All of which, unfortunately, makes the piece suspect for snobby musical elites, he says.

"It's structurally fairly simple, and I think that's one of the things that makes it so engaging. One of the things that the musical elites love to look for is complex structure; it's one of the reasons Beethoven endures to this day. You can never stop trying to figure out the architectural genius of his music. And there's always something new.

"And that's not the kind of a piece that the Grieg [concerto] is. The structure is really basic sonata form and variation form and dance form. It's so well done. And it lies very well under the fingers; it's practically written for a pianist to play."

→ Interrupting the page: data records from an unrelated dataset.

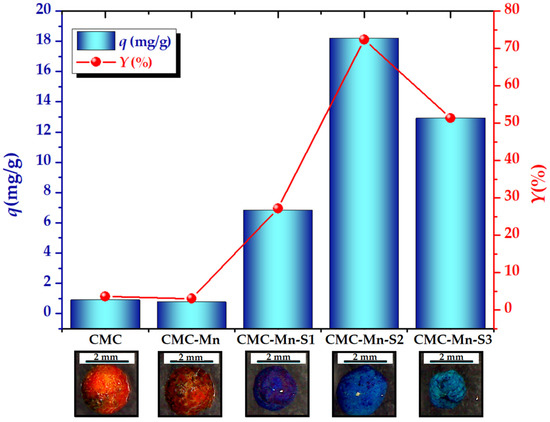In order to determine the adsorption performance of MB cationic dye from aqueous solutions under the same conditions onto the carboxymethyl cellulose-based beads (CMC, CMC-Mn, and CMC-Mn-S1-3), a batch adsorption screening test [44] was carried out. The preliminary results regarding the adsorption capacities (q, mg/g) and dye removal efficiency (Y, %) are highlighted in Figure 6. As expected, the addition of SDS surfactant during the gelling process of CMC led to increased adsorption capacities as compared with CMC and CMC-Mn beads (Table 1). This is attributed to the electrostatic repulsions of the -O-SO3− groups from the SDS surfactant molecules and polyanionic CMC chains in the gelation process, which favor the formation of a more porous structure [29]. After SDS removal, the electrostatic interactions between the carboxylic groups of CMC (present on the beads’ surface and within their pores) and MB molecules are expected to improve. Of these, CMC-Mn-S2 magnetic beads displayed the best adsorption performance, with the highest values of adsorption capacity (18.22 ± 0.23 mg/g) and color removal efficiency (72.38 ± 0.92%). The beads were dried after the adsorption assay, and their macroscopic images are shown in Figure 6. It should be noted that the color is more intense in CMC-Mn-S1 due to the shrinkage of the beads, whereas CMC-Mn-S2 retains its shape even after drying. The adsorption properties of CMC-Mn-S2 beads can also be correlated with their surface morphology (Figure 3d,i,n). In addition to these, the higher value of magnetization among SDS-containing samples recommends the use of CMC-Mn-S2 beads as adsorbents for subsequent tests (adsorption kinetics and isotherms).
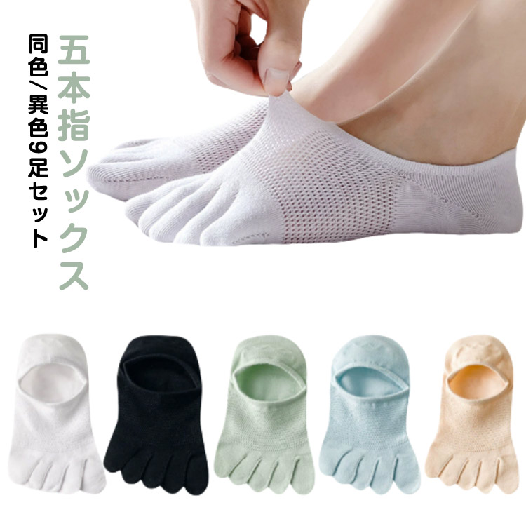 同色 異色9足セット 浅い 靴下 夏用 レディース メッシュ 吸汗 脱げない 五本指ソックス 無地 フットカバー 綿 コットン 薄手 楽ちん スニーカーソックス 見えな 滑り止め
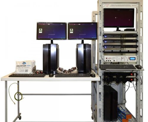 Учебный стенд представляет собой универсальный учебный стенд по исследованию инфокоммуникационных сетей и содержит коммутационную стойку с установленным сетевым оборудованием, ПЭВМ (ноутбук) в комплекте (учебные рабочие места) и комплект коммутационных патч-кордов.

That also makes it ideal for young pianists, he says.

"It doesn't require particularly a sort of maturity of outlook, in the way the Beethoven Fourth Concerto requires. It's a very different animal. And yet I would say my interpretation of it has grown and changed over the years. I think I went through a more self-indulgent stage with it, and I feel now I enjoy it exactly for what it is. I just love playing it."

The program will also include the op.26 concert overture that Felix Mendelssohn alternately called Fingal's Cave and The Hebrides (the former is the name of a grotto he explored while on a vacation to the latter-named Scottish isles), and the Symphony No. 2 in b minor by Alexander Borodin.

Parker, who has been a guest artist with many of the world's premier orchestras, played Peter Ilich Tchaikovsky's pyrotechnical Piano Concerto No. 1 with the orchestra and then-Music Director David Itkin in February 2005 at Little Rock's Robinson Center Music Hall.

...

Parker, also this year's Richard Sheppard Arnold Artist of Distinction, will stick around a few more days for the opening concert in the orchestra's 2015-16 River Rhapsodies chamber music concert season, 7 p.m. Tuesday in the Great Hall at the Clinton Presidential Center, 1200 President Clinton Ave., Little Rock.

He'll join four of the orchestra's woodwind principals -- Leanna Booze, oboe; Kelly Johnson, clarinet; Susan Bell Leon, bassoon; and David Renfro, horn -- to play Ludwig van Beethoven's Quintet in E-flat major for piano and winds, op.16. And he'll also play the Fantasy on Wizard of Oz by William Hirtz, which the composer arranged from piano duet for solo piano at Parker's request.

The Rockefeller Quartet (Katherine Williamson and Trisha McGovern, violins; Katherine Reynolds, viola; and Aaron Ludwig, cello) will play Borodin's String Quartet No. 2 in D major.